■ **GOAL OF THE EXERCISE**
Take the line that contains "To generate an" and every line below it to the end of the entries, and give them again exactly, leaving out any pictures.

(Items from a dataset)
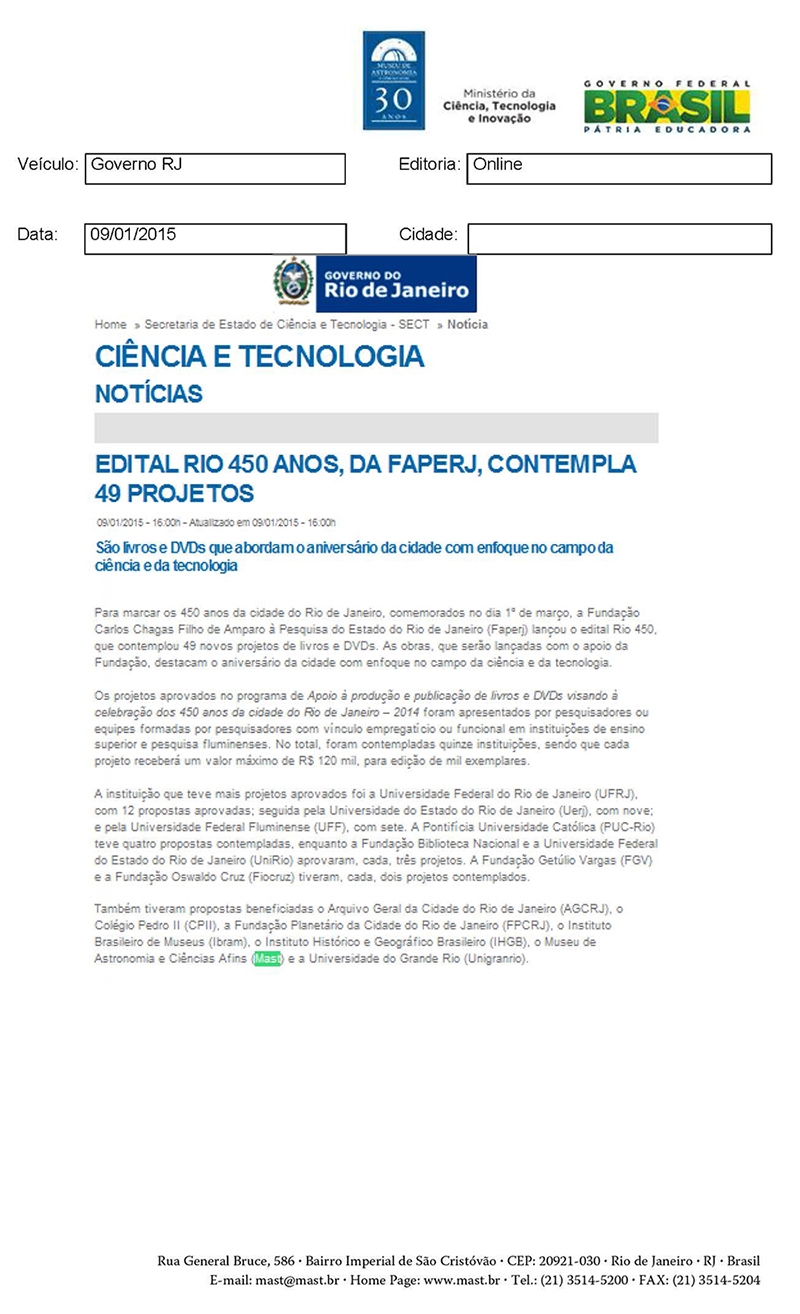 Governo RJ | Edital Rio 450 anos, da FAPERJ, contempla 49 projetos
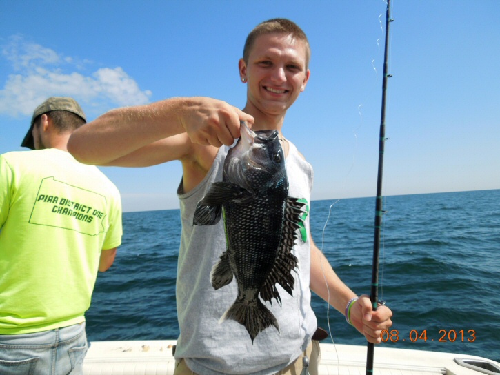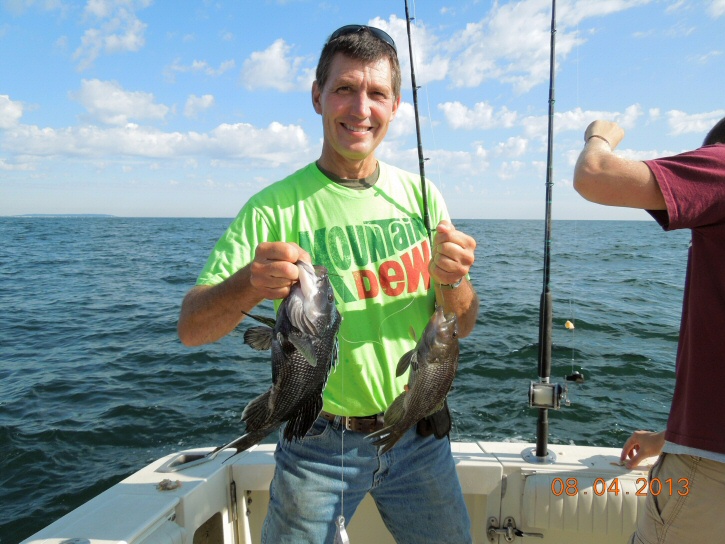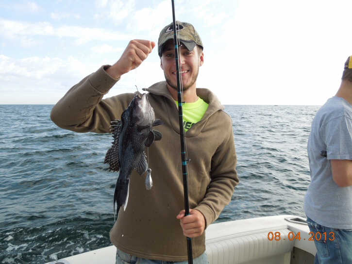 Today we had the Mike lewis charter on board for a day of Seabass fishing. Along with Mike were his 2 sons Ryan and Michael along with friends Chris, Ed & Frank. Paul ran up to the Seabass grounds and got into a nice steady pick of Seabass. The crew had to fish thru plenty of shorts but were able to put together a nice catch of quality Seabass. At days end we had 80 Seabass on ice along with 2 Fluke. You could not ask for a nicer day weatherwise and as usual it was fun to fish with Mike's crew.
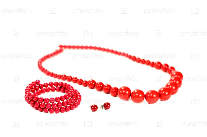 Ожерелье, браслет и серьги на белом фоне
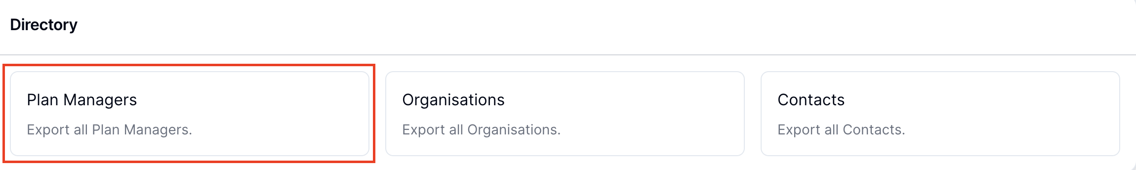To generate an export of all Contacts within your Astalty account, head to the Exports page in Astalty. Then click Create Export and select Plan Managers or click here.
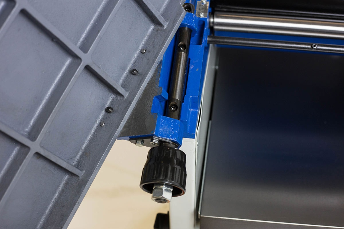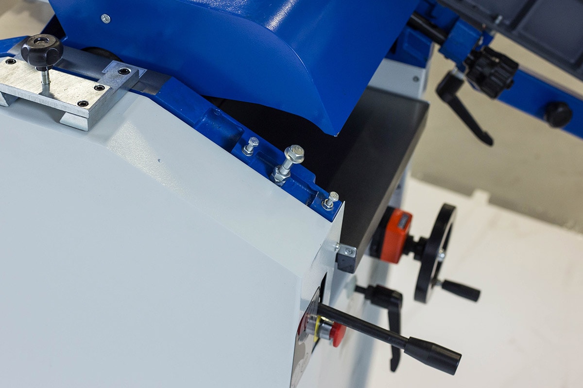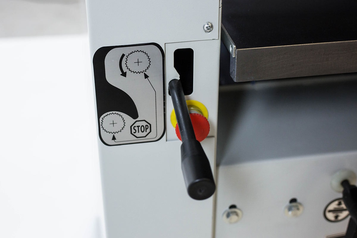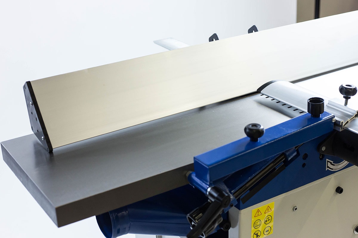 Kraftig afretter- og planhøvl med robust svejset stålstel og støbejernsbord. Maskinen har en trefaset elmotor på 3 hk til at klare tungt arbejde, fremføringsvalserne og udløbsvalsen er af stål. Høvlen leveres komplet med spånplader, stolpeværktøj til høvlstålet og digitale hænder af gulvhøjden. For at skifte fra afretter- til planhøvling fjernes begge borde for maksimal sikkerhed og overblik over emnet. Den solide fræser, som er 75 mm i diameter, er udstyret med 3 høvlstål for det bedste resultat. Stoppet kan vinkles fra 0° - 45° for at muliggøre de fleste høvlemomenter, der kan forekomme.

■ **EXERCISE SOLUTION**
To generate an export of all Contacts within your Astalty account, head to the Exports page in Astalty. Then click Create Export and select Plan Managers or click here.
 Kraftig afretter- og planhøvl med robust svejset stålstel og støbejernsbord. Maskinen har en trefaset elmotor på 3 hk til at klare tungt arbejde, fremføringsvalserne og udløbsvalsen er af stål. Høvlen leveres komplet med spånplader, stolpeværktøj til høvlstålet og digitale hænder af gulvhøjden. For at skifte fra afretter- til planhøvling fjernes begge borde for maksimal sikkerhed og overblik over emnet. Den solide fræser, som er 75 mm i diameter, er udstyret med 3 høvlstål for det bedste resultat. Stoppet kan vinkles fra 0° - 45° for at muliggøre de fleste høvlemomenter, der kan forekomme.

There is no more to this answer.